> [ASSIGNED TASK]
An exact copy of the data below is needed; please leave out any pictures.

[Items from a data source]
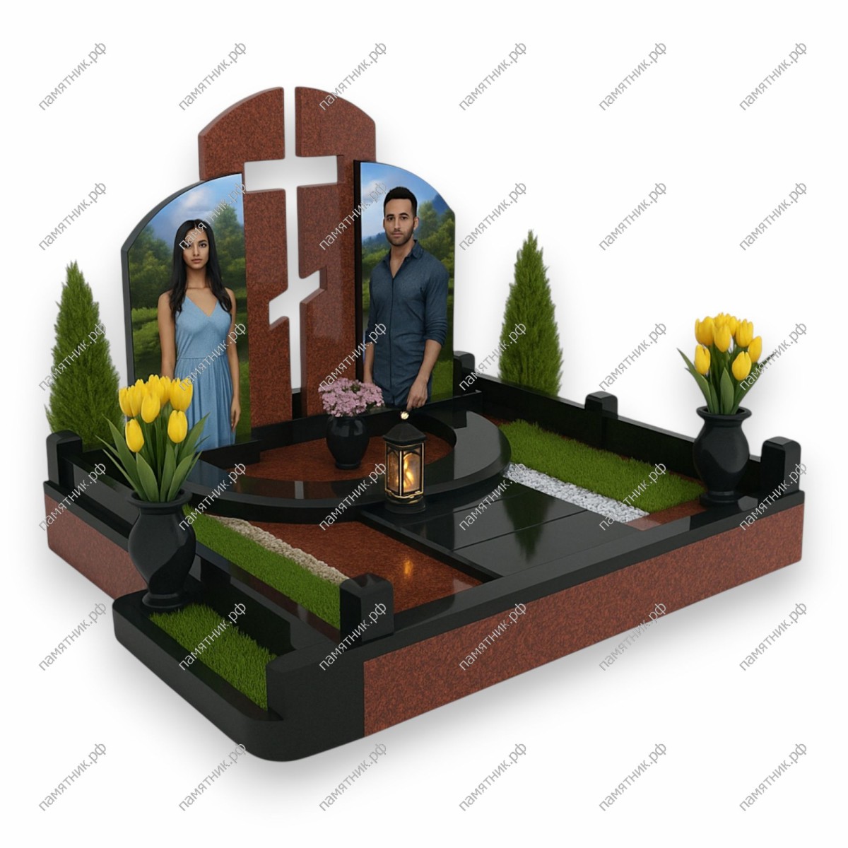 - Оригинальное надгробие с полукруглой вставкой и комбинированным покрытием (полированный камень, газон, крошка).
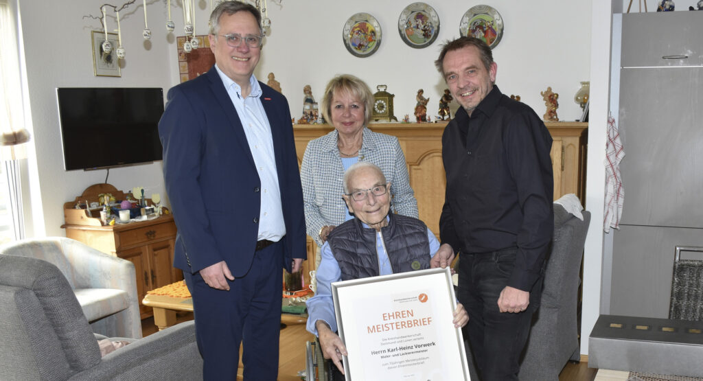 Es ist ein seltenes Jubiläum: Der Dortmunder Karl-Heinz Vorwerk konnte jetzt auf die 70-jährige Wiederkehr seiner Meisterprüfung im Maler- und Lackiererhandwerk zurückblicken. Matthias Behr, Obermeister der Maler- und Lackierer-Innung Dortmund und Lünen und Innungs-Geschäftsführer Joachim Susewind besuchten aus diesem Anlass den 93-Jährigen am Montag (17. April) in seiner Wohnung im Sonnenhof in Dortmund-Eving. Neben den Glückwünschen aller Innungsbetriebe überbrachten sie dabei auch eine Ehrenurkunde und ein Präsent des Handwerks. „Unser Gewerk braucht herausragende Vorbilder wie Sie”, lobte Obermeister Matthias Behr in seiner Laudatio. „Ihr Lebensweg zeigt uns allen, wie erfolgreich eine Karriere im Handwerk sein kann und dass man mit seinem Beruf bis ins hohe Alter hinein glücklich sein kann.”
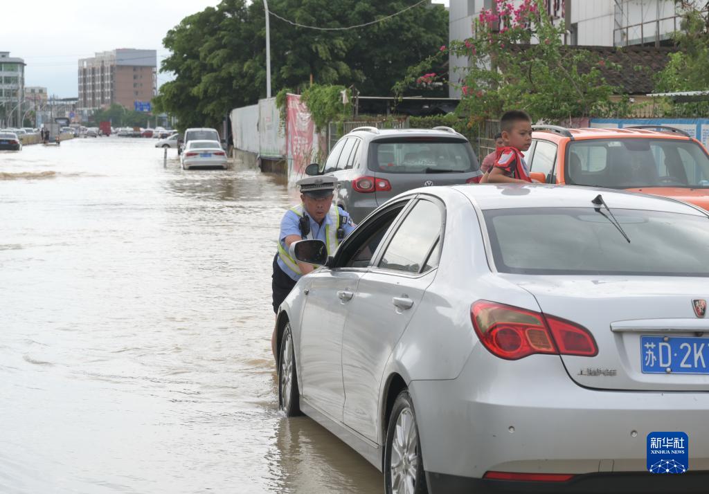 7月29日,在莆田市涵江区,交警将被困车辆推出涉水路段。新华社记者 郭圻 摄
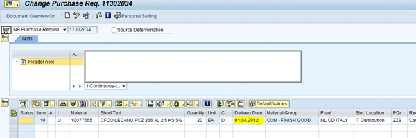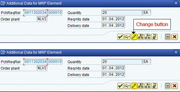 To revise the date in the stock transport requisition based on material availability in the production plant, double-click the stock transport requisition item in transaction MD04. Click the Change button (
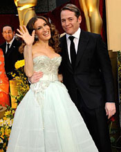 快讯:奥斯卡红毯 布什扮演者布洛林携妻子亮相
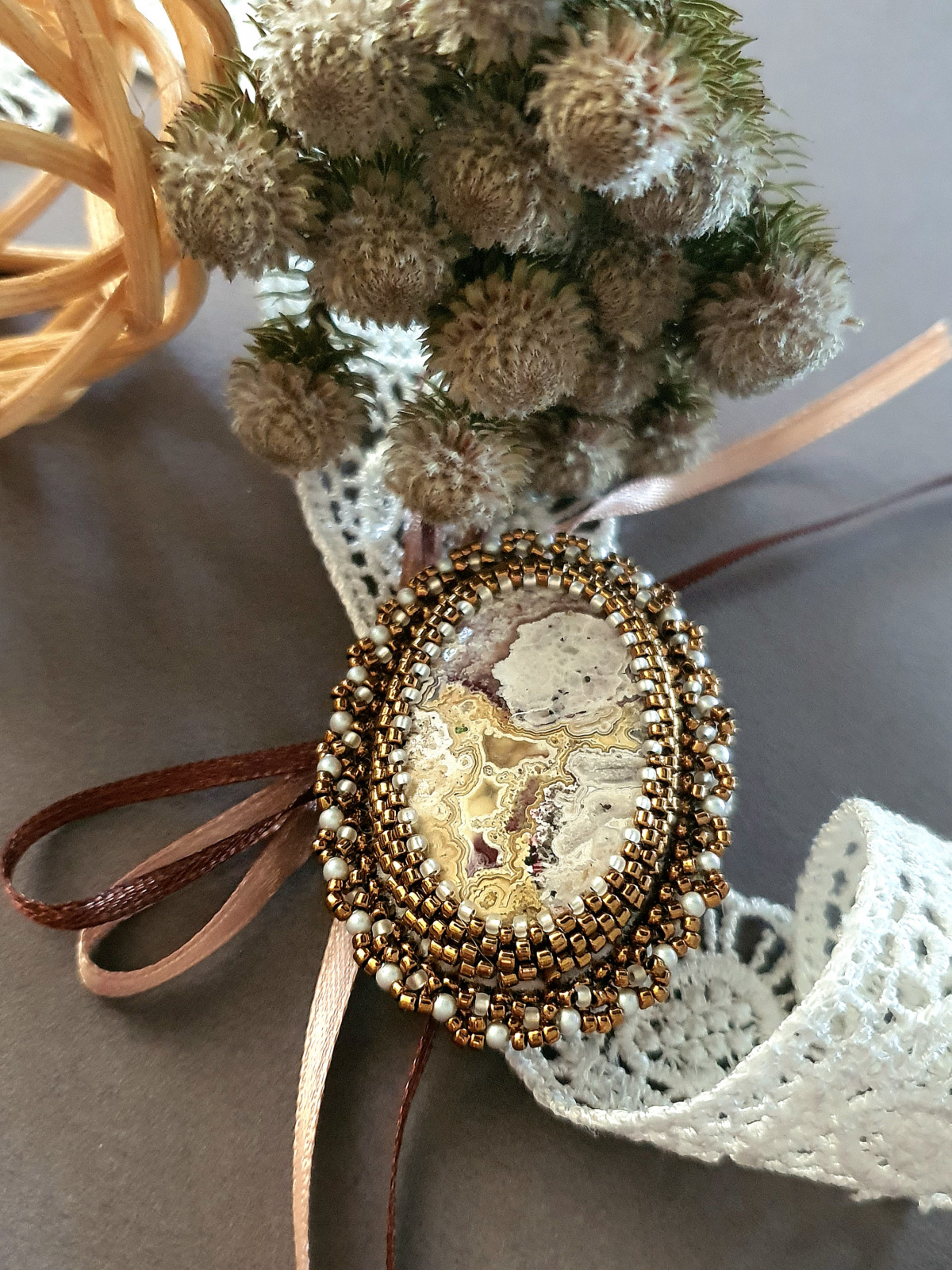 Надо отдать должное Маше, что она очень точно выбрала этот кружевной агат, агат крейзи. Бронзовый японский бисер и матовый сатиновый жемчуг прекрасно дополнили друг друга.
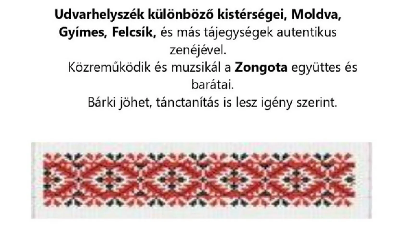Udvarhelyszék különböző kistérségei, Moldva, Gyímes, Felcsík, és más tájegységek autentikus zenéjével.
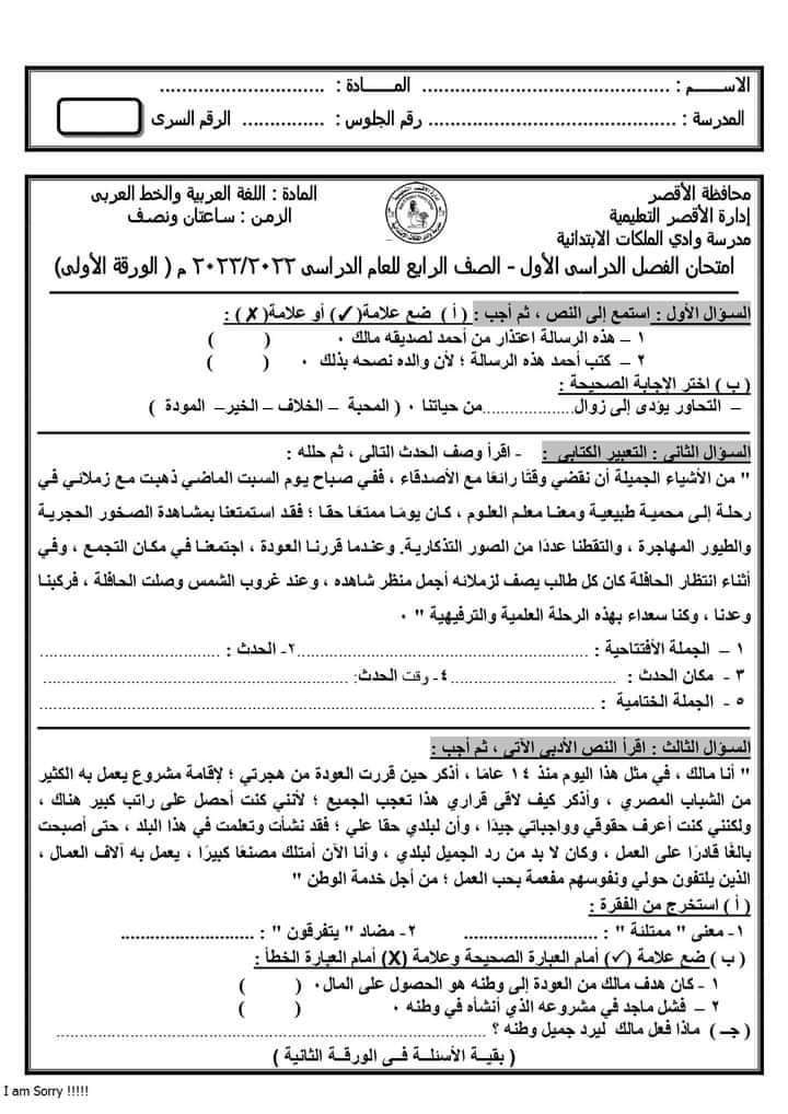 نماذج امتحانات لغة عربية للصف الرابع الابتدائي ترم ثاني pdf
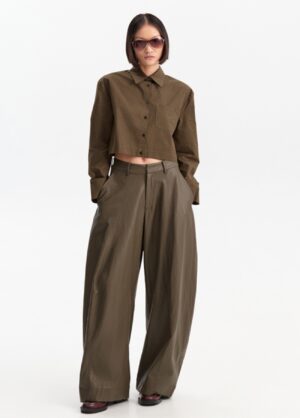 Camisa reta em popeline com detalhe de joia
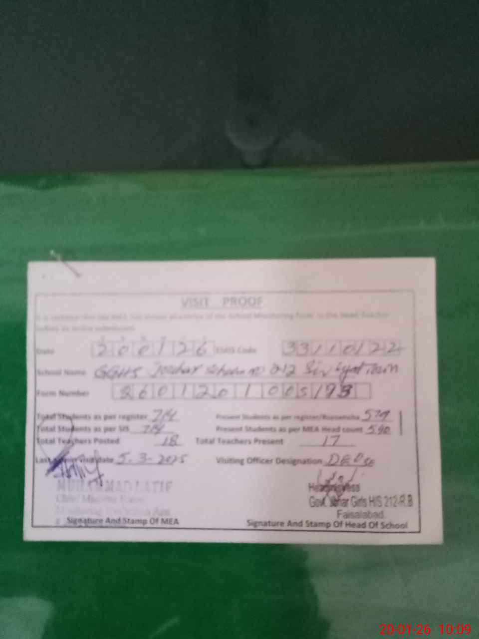 | Certified that this School was Inspected by the Undersigned MEA/DMO Today and the Information Stated Above is as Per Record. | |||||
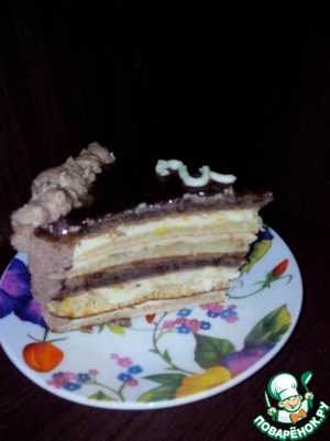 Четвёртый корж - кофейный, далее лимонный и шоколадный. На последний шоколадный корж крем не кладем, а сразу поливаем глазурью. И убираем в холодильник на 15-20 минут.
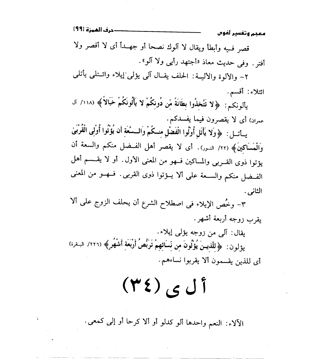 يأتل: (وَلا يَأْتَلِ أُوْلُوا الْفَضْلِ مِنْكُمْ وَالسَّعَةِ أَنْ يُؤْتُوا أُوْلِي الْقُرْبَى وَالْمَسَاكِينَ) " 22/ النور " أي لا يقصر أهل الفضل منكم والسعة أن يؤتوا ذوي الفربي والمساكين فهو من المعني الأول. أو لا يقسم أهل الفضل منكم والسعة علي ألا يؤتوا ذوي القربي. فهو من المعني الثاني.

> [EXERCISE OUTPUT]
 - Оригинальное надгробие с полукруглой вставкой и комбинированным покрытием (полированный камень, газон, крошка).
 Es ist ein seltenes Jubiläum: Der Dortmunder Karl-Heinz Vorwerk konnte jetzt auf die 70-jährige Wiederkehr seiner Meisterprüfung im Maler- und Lackiererhandwerk zurückblicken. Matthias Behr, Obermeister der Maler- und Lackierer-Innung Dortmund und Lünen und Innungs-Geschäftsführer Joachim Susewind besuchten aus diesem Anlass den 93-Jährigen am Montag (17. April) in seiner Wohnung im Sonnenhof in Dortmund-Eving. Neben den Glückwünschen aller Innungsbetriebe überbrachten sie dabei auch eine Ehrenurkunde und ein Präsent des Handwerks. „Unser Gewerk braucht herausragende Vorbilder wie Sie”, lobte Obermeister Matthias Behr in seiner Laudatio. „Ihr Lebensweg zeigt uns allen, wie erfolgreich eine Karriere im Handwerk sein kann und dass man mit seinem Beruf bis ins hohe Alter hinein glücklich sein kann.”
 7月29日,在莆田市涵江区,交警将被困车辆推出涉水路段。新华社记者 郭圻 摄
 To revise the date in the stock transport requisition based on material availability in the production plant, double-click the stock transport requisition item in transaction MD04. Click the Change button (
 快讯:奥斯卡红毯 布什扮演者布洛林携妻子亮相
 Надо отдать должное Маше, что она очень точно выбрала этот кружевной агат, агат крейзи. Бронзовый японский бисер и матовый сатиновый жемчуг прекрасно дополнили друг друга.
Udvarhelyszék különböző kistérségei, Moldva, Gyímes, Felcsík, és más tájegységek autentikus zenéjével.
 نماذج امتحانات لغة عربية للصف الرابع الابتدائي ترم ثاني pdf
 Camisa reta em popeline com detalhe de joia
 | Certified that this School was Inspected by the Undersigned MEA/DMO Today and the Information Stated Above is as Per Record. | |||||
 Четвёртый корж - кофейный, далее лимонный и шоколадный. На последний шоколадный корж крем не кладем, а сразу поливаем глазурью. И убираем в холодильник на 15-20 минут.
 يأتل: (وَلا يَأْتَلِ أُوْلُوا الْفَضْلِ مِنْكُمْ وَالسَّعَةِ أَنْ يُؤْتُوا أُوْلِي الْقُرْبَى وَالْمَسَاكِينَ) " 22/ النور " أي لا يقصر أهل الفضل منكم والسعة أن يؤتوا ذوي الفربي والمساكين فهو من المعني الأول. أو لا يقسم أهل الفضل منكم والسعة علي ألا يؤتوا ذوي القربي. فهو من المعني الثاني.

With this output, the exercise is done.